• About this task:
Skip any image you find and restate the rest of the data word for word.

• Provided material:
# # # #
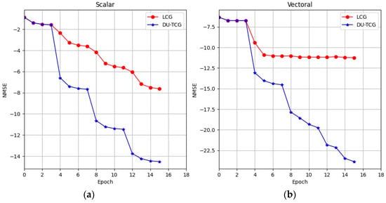 The NMSE performance of the proposed DU-TCG and LCG methods, shown in logarithmic scale, for scalar and vector parameterization, is illustrated in Figure 10 for a 32 × 64 MIMO layout.
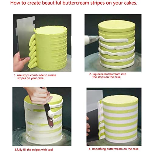 Molteplici applicazioni: questi diversi tipi di raschietti per torte, è possibile utilizzare la glassa più liscia per creare bellissimi bordi per torte e torte personalizzate in base al tuo favore, e puoi utilizzare il raschietto multiuso per spalare, raschiare, tagliare panna, torte, formaggio, pane, biscotti, cioccolato, pasta, pasta fondente, pizza, ecc, per offrirti più divertimento e convenienza
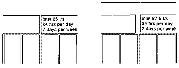 EXAMPLE: Another scheme also has a continuous irrigation need of 25 l/s. Although farmers irrigate the whole day (24 hours), they only do it 2 days a week. Now the amount of time available for irrigation is 2 days out of 7, which is 2/7 or 1/3.5. The supply should therefore be 3.5 times as much during the 2 irrigation days, to supply the same total amount. The actual irrigation flow should therefore be 3.5 x 25, or 87.5 l/s. |
# # # #
• Response area:
 The NMSE performance of the proposed DU-TCG and LCG methods, shown in logarithmic scale, for scalar and vector parameterization, is illustrated in Figure 10 for a 32 × 64 MIMO layout.
 Molteplici applicazioni: questi diversi tipi di raschietti per torte, è possibile utilizzare la glassa più liscia per creare bellissimi bordi per torte e torte personalizzate in base al tuo favore, e puoi utilizzare il raschietto multiuso per spalare, raschiare, tagliare panna, torte, formaggio, pane, biscotti, cioccolato, pasta, pasta fondente, pizza, ecc, per offrirti più divertimento e convenienza
 EXAMPLE: Another scheme also has a continuous irrigation need of 25 l/s. Although farmers irrigate the whole day (24 hours), they only do it 2 days a week. Now the amount of time available for irrigation is 2 days out of 7, which is 2/7 or 1/3.5. The supply should therefore be 3.5 times as much during the 2 irrigation days, to supply the same total amount. The actual irrigation flow should therefore be 3.5 x 25, or 87.5 l/s. |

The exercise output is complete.